Mix Walden sounded alarmed!
“You mean you busted out?”
“Yes.”
“Did you conk anybody?”
“Unfortunately, I had to do some shoving and upsetting.”
Mix grabbed his arm in alarm.
“Come on! We can't stand around here if you broke jail! They'll be looking for you. They'll be …”
She stared at his face in fright.
“Or will they? You didn't knock anybody off, did you?”
“Hardly.”
“Come on,” Mix ordered. “If you shoved that Inspector Carlew, he'll be as mad as a hornet! I know that pompous little fuddyduddy.”
Doc Savage permitted himself to be yanked into an alley where the going was very uncomfortable on his ankles. The paving seemed to be composed entirely of round stones about the size of footballs.
“Do you,” he asked, “know where you're going?”
“I hope to tell you,” said Mix.
“Is it a safe place?”
“You won't find a cop there,” Mix said. “But I can't guarantee you won't have your pocket picked.”
After some 15 minutes of twistings and turnings, Doc found himself halted and Mix rapping some sort of a signal on a door in which a peephole presently flew open, permitting them a view of a villainous-looking eye.
“Open up, Clarence,” Mix said.
Clarence started to unbar the door … then became cautious and returned his eye to the peephole to demand, “Who's that you got with you, Mix?”
“This is Joe Blow from Boston. He just punched Inspector Carlew in the nose and he's on the lam,” Mix said.
Clarence opened the door with pleasure!
“Make yourself at home, Joe,” he said happily. “Soaked prissy Carlew one, did you?
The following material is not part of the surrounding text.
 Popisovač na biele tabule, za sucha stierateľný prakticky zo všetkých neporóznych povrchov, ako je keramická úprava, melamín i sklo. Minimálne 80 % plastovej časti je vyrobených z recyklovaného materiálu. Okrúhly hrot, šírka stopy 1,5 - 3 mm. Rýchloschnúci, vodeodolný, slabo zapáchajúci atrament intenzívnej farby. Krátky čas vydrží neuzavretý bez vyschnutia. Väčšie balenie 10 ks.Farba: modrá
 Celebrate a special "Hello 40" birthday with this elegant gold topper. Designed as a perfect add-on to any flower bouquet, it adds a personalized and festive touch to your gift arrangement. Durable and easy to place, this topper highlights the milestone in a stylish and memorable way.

By golly, that's great!”
“He spit in Carlew's eye and also broke 2 of his ribs,” Mix added.
Doc whispered, “Don't lay it on so thick.”
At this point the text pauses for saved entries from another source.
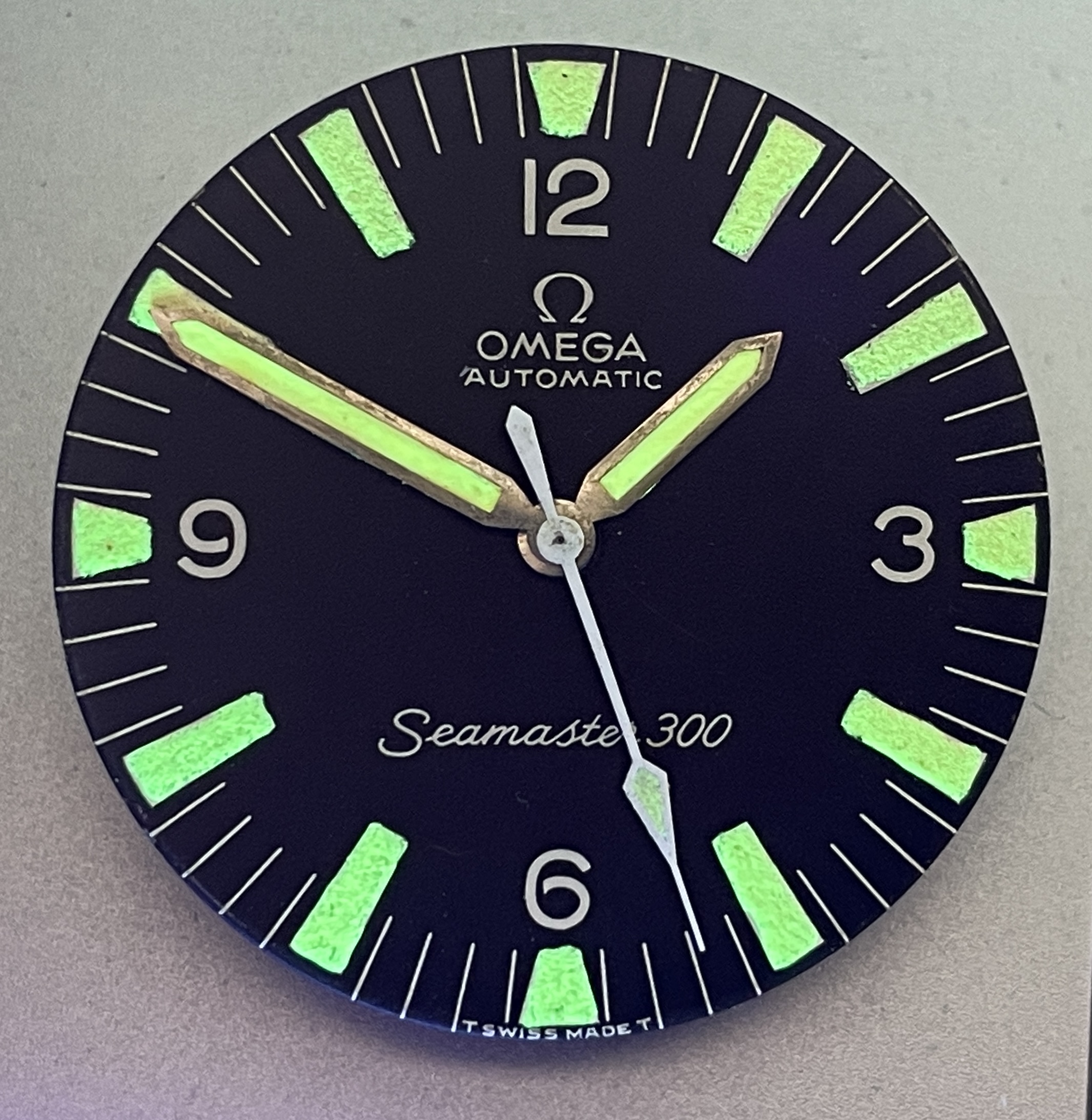 For sale a vintage dial and baton hand set for late Seamaster SM300 ref 165.014 and then it’s replacement 165.024 (pre sword hands)
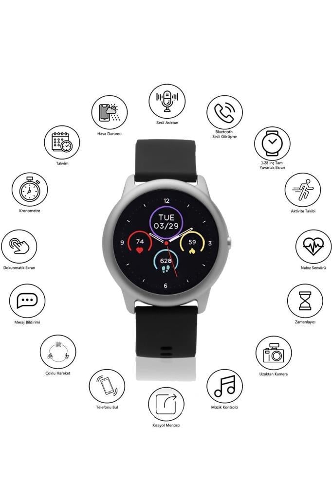 Kronometre, hesap makinesi gibi pratik özelliklerin yanında uzaktan müzik kontrolü, telefonu bul, hava durumu ve uzaktan kamera kontrolü gibi detaylarla günlük kullanımda büyük rahatlık sağlar. Dilersen Akıllı Saat Modu ile tüm fonksiyonları kullanır, dilersen Normal Saat Moduna geçerek daha sade bir deneyim yaşayabilirsin. Üstelik içerisinde 2 adet oyun ve 11 farklı menü stili bulunur.
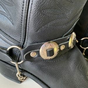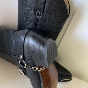 Stylish black heeled boots. Intricate stitching. Durable design.
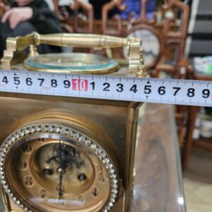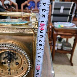 Đồng hồ để bàn, xuất xứ Pháp. Toàn bộ phần thân bằng đồng, với phần mặt trước được khảm 60 viên pha lê được cắt kim cương cực kỳ đẹp và sang trọng.

They were escorted to a corner table in a room so dimly lighted that Doc felt like striking matches to see where he was going. The joint, he decided, was some kind of whisper-low. Although what a speak-easy was doing in Nova Scotia, he didn't know.
Mix must have read his thoughts because she explained, “Clarence used to run a speak in New York. But they chased him out, and now he has to live here. He gets awful homesick for the old days and keeps this place so he'll feel more at home.”
Doc took this explanation with some salt. He thought it might be well to heed her first warning about getting his pocket picked.
- — — — — — — — — — — — — — — — — — — — — — — — — —
Clarence brought them 2 glasses and a bottle which Doc felt — from the odor — must contain varnish remover.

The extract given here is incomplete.